For pet parents caring about pollinators in the yard rather than managing a hive, avoid routine sugar-water feeding altogether. A shallow water station with stones or gravel, plus season-long flowering plants, is usually the safer and more sustainable choice.

Signs of a Problem

Sugar water can create problems when it is mixed incorrectly, offered in the wrong feeder, or used at the wrong time. Warning signs include robbing behavior around the hive, large numbers of ants or wasps at the feeder, drowned bees in syrup, mold growth, leaking feed, or syrup that smells fermented. These issues can stress a colony fast.

Inside the hive, trouble may show up as sticky comb, excess moisture, or bees failing to take feed when they should. If a colony feels very light, has little capped food, or seems weak during a nectar shortage, it may need prompt beekeeper attention.
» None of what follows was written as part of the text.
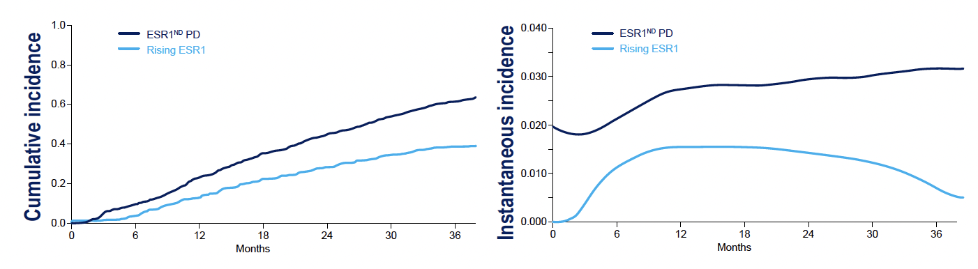 Figure 4 – PADA-1 : incidence cumulative et instantanée des bESR1mut.

On the other hand, feeding too aggressively can crowd the brood nest with stored syrup and interfere with normal colony function.
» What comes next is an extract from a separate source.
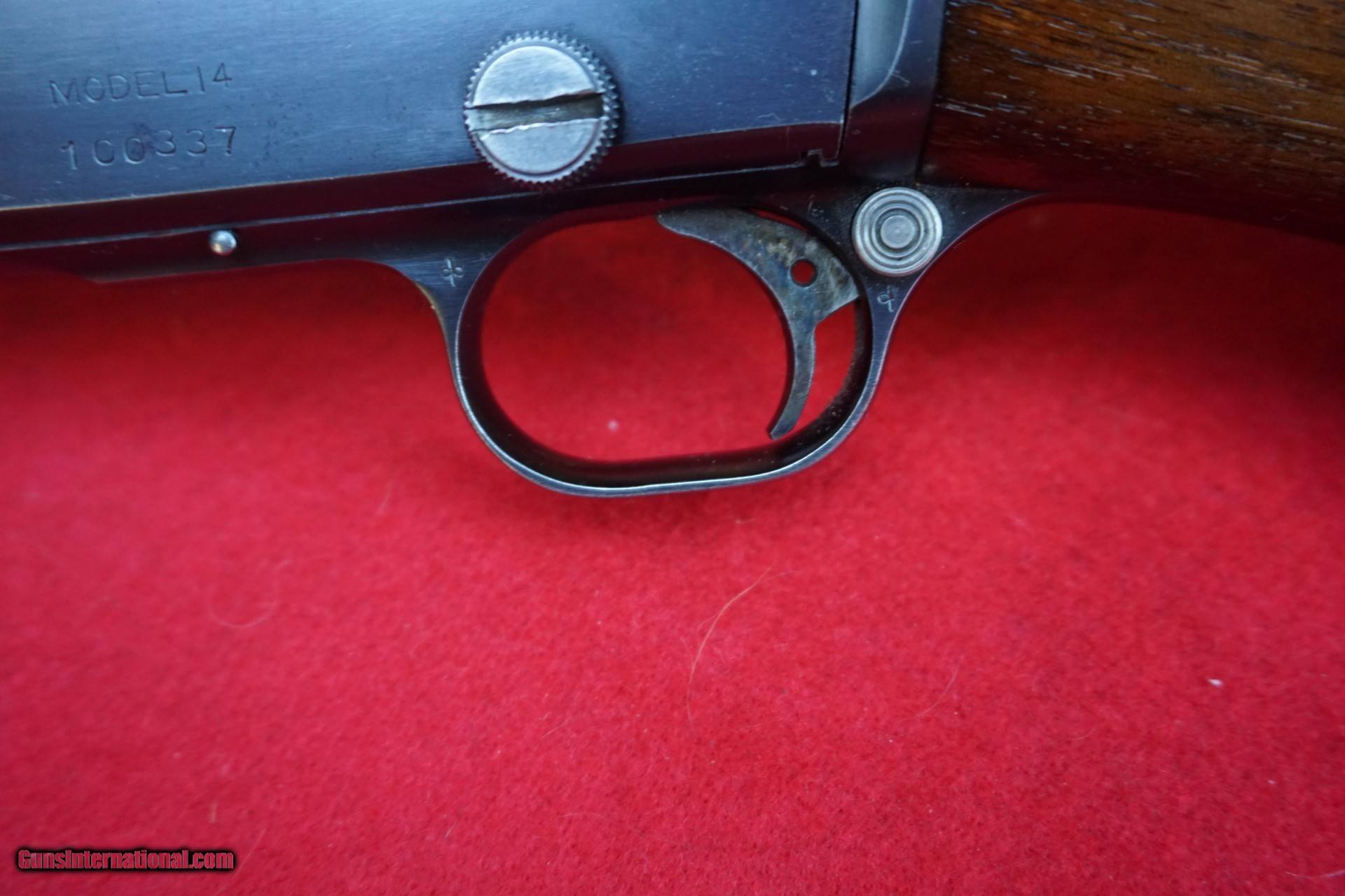 Description: This is a very nice Classic North woods deer gun, Model 14 that is all original , original front and rear sights, original blue and varnish, wood is not cracked, bore is bright and shiny & works perfect and is very accurate , its a straight , clean gun that is in super shape and has not been messed with - hard to find in this model, comes with a box of factory ammo, $695.00 +25 ship SOLD Curio/Relic: Yes Rifle Caliber: .30 Remington Manufacturer: Remington Model: 14 Condition: Excellent |

For backyard pollinator helpers, a dish of sugar water that attracts yellowjackets, flies, or ants is a sign to stop. Wild bees should not be trained to rely on human feeding stations. If you find weak, cold, or immobile bees repeatedly in your yard, the bigger issue may be habitat, weather stress, pesticides, or lack of blooms rather than a need for syrup.
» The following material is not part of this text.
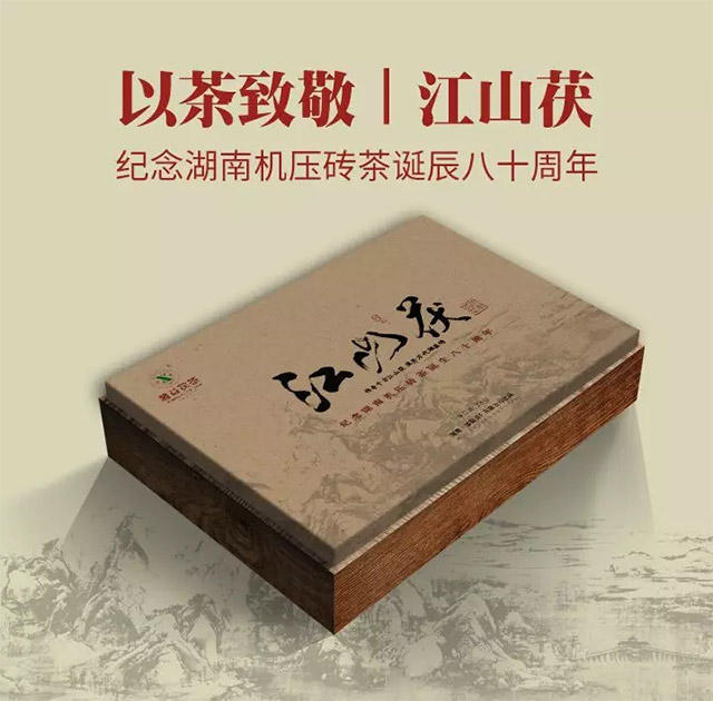 為隆重紀念湖南機壓磚茶誕生八十周年,湘益特推出本款“江山茯”紀念茶,銘記這一重要歷史時刻。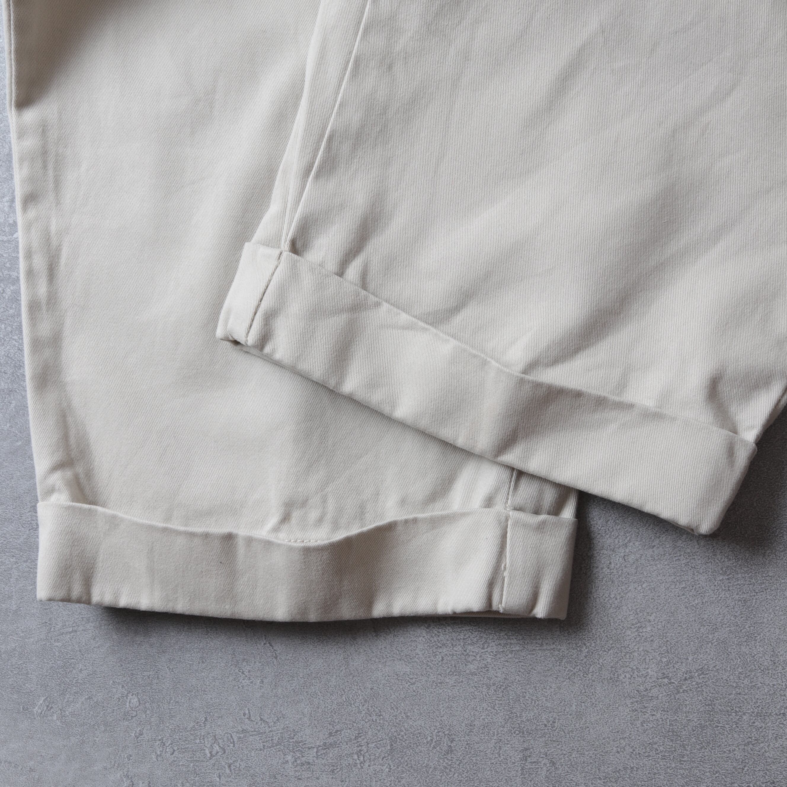 英国紳士服の上品な雰囲気がありながらミリタリーチノの野暮ったさも感じる一本です。

If you keep honey bees and notice sudden colony decline, heavy robbing, or signs of starvation, contact your local extension office, bee club, or experienced beekeeper promptly. Feeding can help in some situations, but it does not replace checking for queen problems, disease, mites, or poor forage.

Safer Alternatives

The best long-term alternative to sugar water is better forage. Planting a mix of pesticide-safe, nectar- and pollen-producing flowers that bloom across spring, summer, and fall supports honey bees and native bees more naturally than routine syrup feeding. Native plants are often the most helpful because they match local pollinators and bloom cycles.

A safe water source also helps. Bees need water year-round for cooling and humidity control. A shallow dish, birdbath, or trough with stones, corks, or gravel gives bees a place to land without drowning. Some extension guidance notes that a small amount of non-iodized salt in water may help attract bees to a preferred water source, though plain clean water is still the foundation.

For managed colonies in cold weather, solid sugar options may be safer than liquid syrup. Fondant, sugar cakes, and dry sugar methods are commonly used for emergency winter feeding because they reduce the moisture burden compared with syrup. These are still supplemental tools, not replacements for adequate honey stores.

If you are trying to help pollinators generally, skip open bowls of syrup. Focus on flowering habitat, clean water, reduced pesticide exposure, and leaving some natural nesting areas. That supports more species and avoids many of the risks that come with sugar water.